The durability question is real. After about eight uses the silicone started picking up minor debris from my ear and hair products, and the seal felt less airtight. I washed them twice with warm water and mild soap, which helped, but by the tenth use the pair I was testing was clearly on its way out. That's consistent with the brand's guidance and about what I'd expect from reusable silicone rather than disposable foam. I rotated in a fresh pair — part of the value pack's appeal — and kept going.

Who Should Buy It?

  • Couples with snoring partners — Mack's is explicitly doctor-recommended for this use case, and the evidence is in the seal. If your partner snores at 60–70 dB, these reduce it to a manageable hum.
  • Side sleepers who find foam plugs painful — the putty compresses softly against the pillow rather than jamming a hard cylinder into your canal.
  • Frequent travellers and commuters — the value pack lives permanently in a travel bag, purse, and work desk drawer.
  • Swimmers and water sports enthusiasts — the waterproof, reusable design works just as well at the pool as in the bedroom.

Skip these if you're looking for industrial-grade hearing protection — the NRR 22 won't suffice for construction sites or shooting ranges. Also skip if you have an active skin condition in your ear canal or can't tolerate anything touching your outer ear; the tactile presence of the putty, while mild, isn't zero.

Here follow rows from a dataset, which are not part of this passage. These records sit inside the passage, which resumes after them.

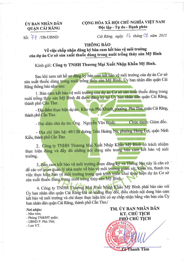 Thông báo: Về việc chấp nhận đăng ký bản cam kết bảo vệ môi trường của dự án Cơ sở sản xuất thuốc dùng trong nuôi trồng thủy sản Mỹ Bình.
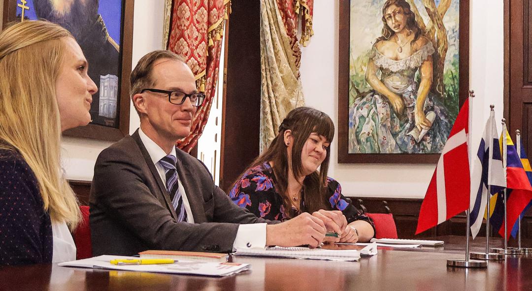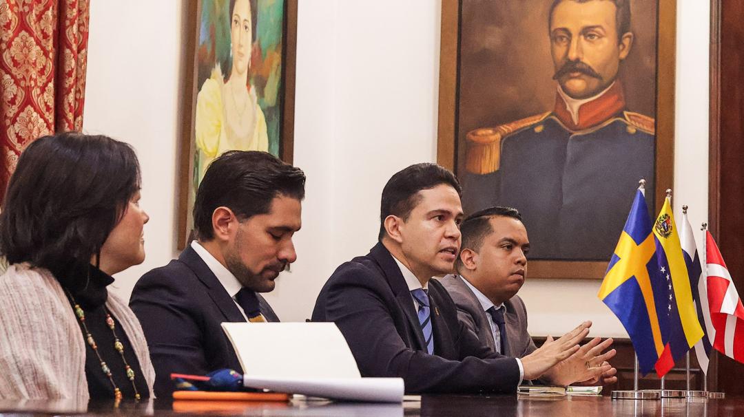 El director general para Europa, del Despacho del Viceministro para Europa y America del Norte, Omar Berroterán, sostuvo este miércoles un encuentro diplomático con una delegación de los jefes de misión adjuntos del Reino de Suecia, Helmer Broberg; Reino de Dinamarca, Nana Hein Winther; y la República de Finlandia, Henna Mäki-Mantila; concurrentes ante Venezuela desde sus residencias en Bogotá, Colombia.
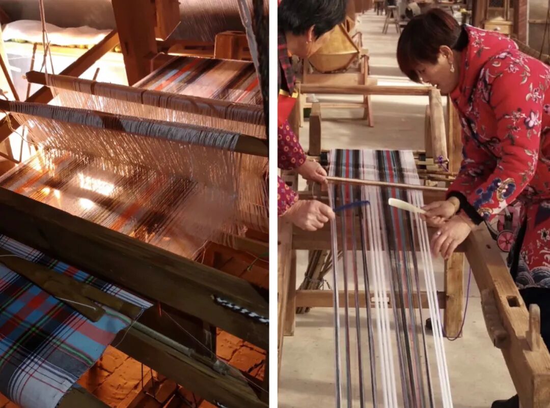 杨老师常为到农场的客人讲解土布知识、演示织布方法
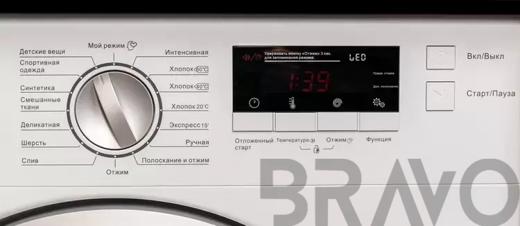 С помощью функции отложенного старта можно всегда установить желаемое время начала работы. В модели предусмотрено интуитивно понятное управление. Выбор программы происходит при помощи поворотного регулятора, а остальные настройки задаются с кнопочной панели. Каждый элемент имеет графическое обозначение для быстро ориентирования в настройках Прибор быстро реагирует на команды пользователя, что является еще одним достоинством устройства.
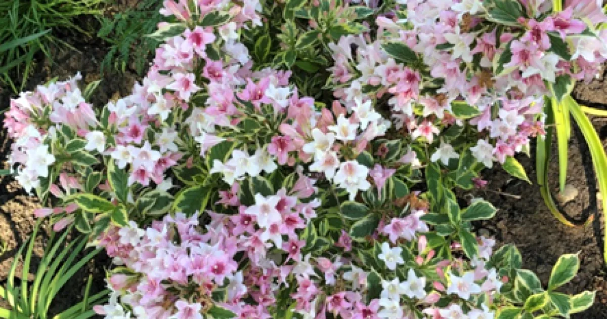 PERENNIAL SHRUB: Weigela is a shrub from Asia whose name is pronounced “why-gee-la.”Weigela comes in three colors: white, pink, and red. However, as the blooms of the white version age, they fade to pink, creating a layered multi-color show, as seen in the photo below of one I planted a few years ago.Weigela is deer resistant and attracts butterflies. Its arching, loose growth habit looks good in almost any garden. It is tolerant of shade.Weigela is an upright plant that can grow to 4 feet tall and 4 feet wide. Bloom time is in spring here. Mine was done blooming before May 1. However, plant breeders have been busy creating long-blooming Weigela such as Sonic Bloom®, which blooms heavily in the spring and continues to bloom from summer though the fall. It is a very dense shrub, approximately 5 feet high and 5 feet wide, with brilliant rosy pink blooms amid the dark green foliage.
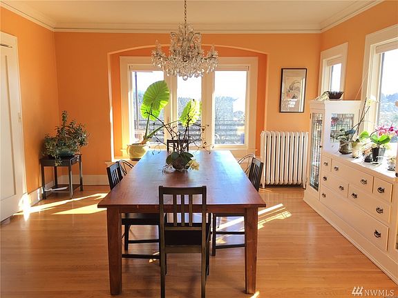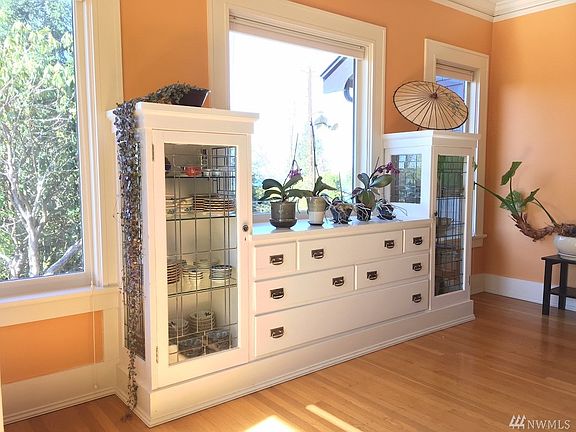 Fabulous location! Walk to Fairhaven. Expansive mountain & bay views. 1914 Craftsman designed by renowned architect F. Stanley Piper as family home. Original crystal chandelier, wood floors, built-in cabinets, bookcases & window seats. Master on main. Spacious kitchen/sunroom. Large, clean, daylight basement. South facing, private back yard, deer fenced organic garden & deck. New: paint, boiler, heat pump,fireplace insert,insulation,heat pump water heater & 35 solar panels! B'ham dream home!
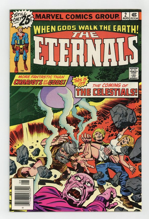 "The Celestials!" Written by Jack Kirby. Pencils by Jack Kirby. Inks by John Verpoorten. The gods are real and they live among us! Archeologist Doctor Damian and his daughter Margo, led by the enigmatic Ikaris, soon learn that they are not alone in this universe. But could the return of the space gods known as the Celestials possibly mean. Note: 1st appearance of Ajak and the Celestial Arishem the Judge. Cover price $0.25. Grade: FN 6.0 explanation of grade Condition: Used (collectible)
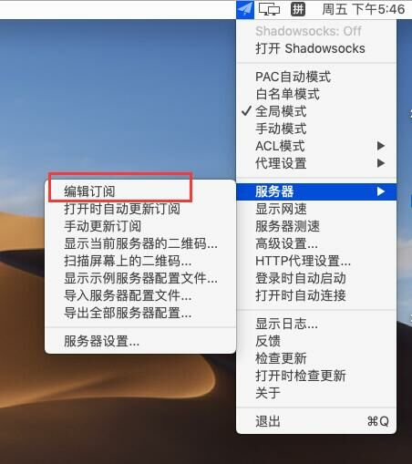 选择服务器,再选编辑订阅
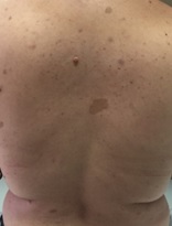 - Aparecimento gradual de manchas castanho-amarronadas de diferentes tamanhos (manchas café com leite). Atenção especial se forem em número maior de seis;

Alternatives Worth Considering

  • Mack's SleepShield — a moulded, multi-use silicone option specifically designed for side-sleepers, with a slightly higher profile for deeper canal coverage.
  • Howard Leight by Honeywell Laser-Lite Foam Earplugs — NRR 32, disposable, cheaper per use. Better for loud environments but less comfortable for all-night sleep.
  • Ohropax Soft Foam Earplugs — German brand, renowned for a natural foam formulation that's exceptionally soft. A strong contender if you're willing to spend more per pair and don't mind single-use.

FAQ

NRR 22 means these earplugs reduce ambient noise by roughly 22 decibels. In practice that brings a loud hotel room (65 dB) down to conversational murmur territory. It won't silence a jackhammer, but for snoring and street noise it's genuinely effective.

Final Verdict

Mack's Pillow Soft silicone earplugs aren't a miracle — they're a well-executed, reliable tool for the specific problem of unwanted ambient noise during sleep, travel, and water activities. The NRR 22 rating is meaningful, the comfort over long sessions is genuinely good, and the reusable design makes the value pack price per use surprisingly low. What I appreciate most is the honesty: these aren't sold as industrial hearing protection or as noise-cancelling headphones in earplug form. They do exactly what moldable silicone earplugs can do, and they do it well. If that matches your situation, you probably won't be disappointed.